Segment Start: TASK DATA
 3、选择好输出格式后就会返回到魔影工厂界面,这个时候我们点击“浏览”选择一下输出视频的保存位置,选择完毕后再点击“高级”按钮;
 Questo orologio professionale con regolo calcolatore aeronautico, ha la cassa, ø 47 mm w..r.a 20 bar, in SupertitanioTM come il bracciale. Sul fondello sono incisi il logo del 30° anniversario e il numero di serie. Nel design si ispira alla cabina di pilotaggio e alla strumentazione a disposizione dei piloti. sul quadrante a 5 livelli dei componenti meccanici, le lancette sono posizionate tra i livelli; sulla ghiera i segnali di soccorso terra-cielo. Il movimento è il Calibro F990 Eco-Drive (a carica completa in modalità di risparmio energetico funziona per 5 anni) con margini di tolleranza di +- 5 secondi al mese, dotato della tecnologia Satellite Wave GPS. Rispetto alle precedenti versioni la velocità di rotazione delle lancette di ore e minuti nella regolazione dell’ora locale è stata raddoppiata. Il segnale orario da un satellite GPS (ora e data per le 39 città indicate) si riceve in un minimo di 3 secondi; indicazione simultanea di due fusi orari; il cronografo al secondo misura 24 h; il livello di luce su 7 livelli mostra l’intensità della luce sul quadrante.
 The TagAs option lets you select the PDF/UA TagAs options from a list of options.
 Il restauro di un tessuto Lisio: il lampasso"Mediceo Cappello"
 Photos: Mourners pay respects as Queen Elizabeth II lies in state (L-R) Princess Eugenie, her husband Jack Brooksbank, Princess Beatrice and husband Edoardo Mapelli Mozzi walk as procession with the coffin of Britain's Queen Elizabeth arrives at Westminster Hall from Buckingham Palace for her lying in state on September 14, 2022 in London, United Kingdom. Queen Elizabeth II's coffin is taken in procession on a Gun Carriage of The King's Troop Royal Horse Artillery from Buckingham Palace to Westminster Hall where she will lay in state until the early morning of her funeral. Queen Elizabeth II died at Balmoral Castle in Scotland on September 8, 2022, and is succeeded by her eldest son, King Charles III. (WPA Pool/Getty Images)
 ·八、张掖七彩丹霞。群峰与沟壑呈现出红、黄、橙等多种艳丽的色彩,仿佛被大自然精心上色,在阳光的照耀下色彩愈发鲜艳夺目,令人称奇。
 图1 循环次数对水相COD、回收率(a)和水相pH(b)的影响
Segment End: TASK DATA
Segment Start: TASK DATA
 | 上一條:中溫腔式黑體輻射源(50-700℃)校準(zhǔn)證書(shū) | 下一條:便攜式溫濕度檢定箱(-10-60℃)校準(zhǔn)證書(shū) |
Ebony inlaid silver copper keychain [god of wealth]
Segment End: TASK DATA
§ **WHAT YOU SHOULD DO**
Pick out every line above that contains the word "from" and copy it.

§ **EXERCISE RESPONSE**
 The TagAs option lets you select the PDF/UA TagAs options from a list of options.
 Photos: Mourners pay respects as Queen Elizabeth II lies in state (L-R) Princess Eugenie, her husband Jack Brooksbank, Princess Beatrice and husband Edoardo Mapelli Mozzi walk as procession with the coffin of Britain's Queen Elizabeth arrives at Westminster Hall from Buckingham Palace for her lying in state on September 14, 2022 in London, United Kingdom. Queen Elizabeth II's coffin is taken in procession on a Gun Carriage of The King's Troop Royal Horse Artillery from Buckingham Palace to Westminster Hall where she will lay in state until the early morning of her funeral. Queen Elizabeth II died at Balmoral Castle in Scotland on September 8, 2022, and is succeeded by her eldest son, King Charles III. (WPA Pool/Getty Images)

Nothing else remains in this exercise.